In silico prediction of the biological consequences of variations
In silico analysis of functional effects was performed on the observed nsSNPs. PolyPhen-2 (http://genetics.bwh.harvard.edu/pph2/) evaluates physical properties, proximity to functional structures, and the evolutive conservation to predict the functional significance of a mutation using a trained Naïve Bayes classifier [20]. BLOSUM62 (http://www.ncbi.nlm.nih.gov) is an amino acid substitution matrix that assigns a score to each aligned pair of residues based on the odds of finding both amino acids in an alignment on purpose rather than by chance. SIFT (http://sift.bii.a-star.edu.sg/) is a multi-step sequence alignment comparison algorithm that estimates whether an amino acid substitution may have an effect on protein function, based upon the premise that highly conserved residues are more intolerant to substitution than those less conserved [21;22]. Align-GVGD (http://agvgd.iarc.fr/) classifies a substitution from most likely to least likely to interfere with protein function based on multiple sequence alignments (MSA) and the combined Grantham Variation (GV) and Grantham Deviation (GV) scores, which measure the biochemical distance between aminoacids [23]. Protein MSA was constructed using ClustalW included in the program Bioedit (www.mbio.ncsu.edu/BioEdit/bioedit.html). CL-L1 and CL-K1 protein sequences were aligned with their orthologues from 17 different species in order to build a dataset with a sufficient size and alignment depth to compensate for the appearance of constrained positions due to chance [24;25]. PhD-SNP is a trained support vector machine-based predictor that classifies mutations as neutral polymorphisms or disease related based on sequence and profile information [26]. Furthermore, an evolutionary conservation profile was generated by Consurf [27]. This web-based program calculates the degree of conservation (from most variable to most conserved) for every position of the protein using MSA and an empirical Bayesian algorithm.

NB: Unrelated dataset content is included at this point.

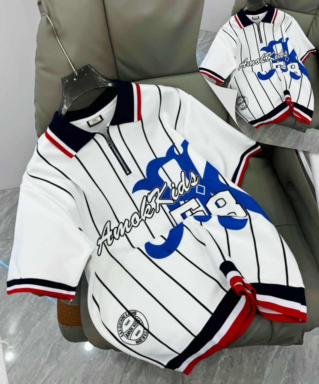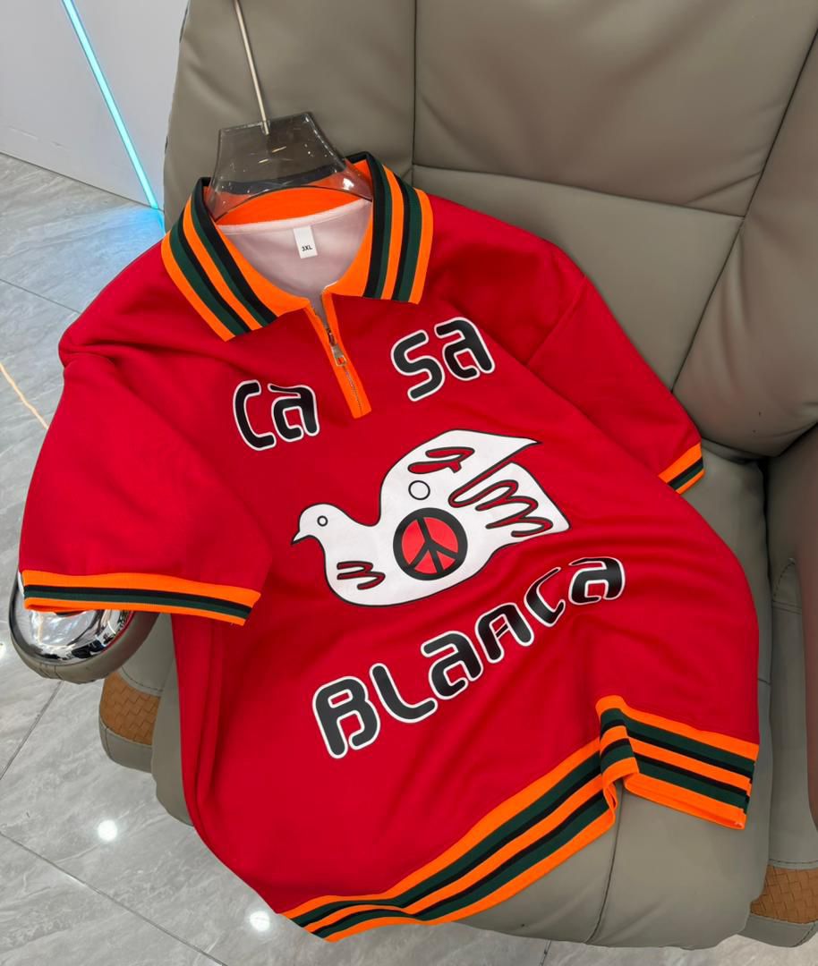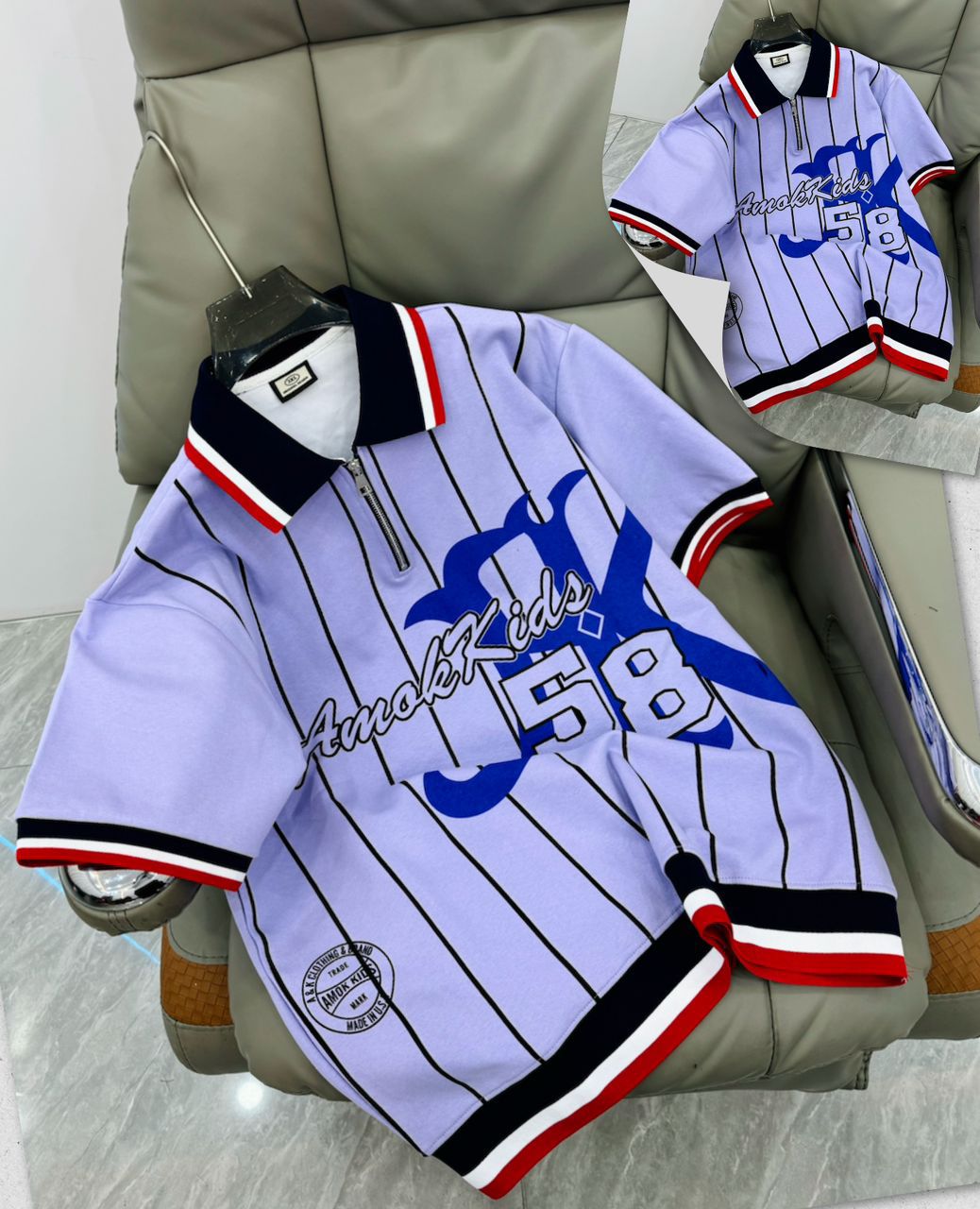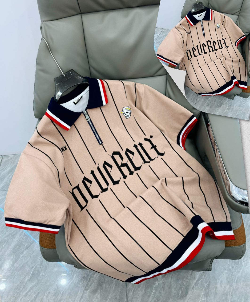 Make a bold statement with this premium red pinstripe zip polo shirt, crafted for confidence and standout style. The vibrant red base is enhanced with sleek black vertical stripes, giving it a sharp, modern silhouette.

CL-L1 and CL-K1 levels in serum
The serum levels of CL-L1 and CL-K1 was quantified using validated double sandwich immuno assays as previously described in detail [7] and [28].
Statistical analysis
Hardy-Weinberg was calculated applying the χ2 test to the simple gene counting results, implementing Yates’ correction when considered appropriate. Linkage disequilibrium (LD), expressed as r2, and observed haplotypes were assessed by SHEsis software [29;30]. The statistical significance of the genetic impact on serum levels was tested with Mann-Whitney U test, Kruskal-Wallis test and Spearman Rank correlation. Whiskers and outliers were calculated according to Tukey’s method.
Results
Genetic variation in COLEC10 and COLEC11
We sequenced the promoter region spanning 1000 bp upstream the translation start site, the exon and intron/exon boundaries in COLEC10 and COLEC11.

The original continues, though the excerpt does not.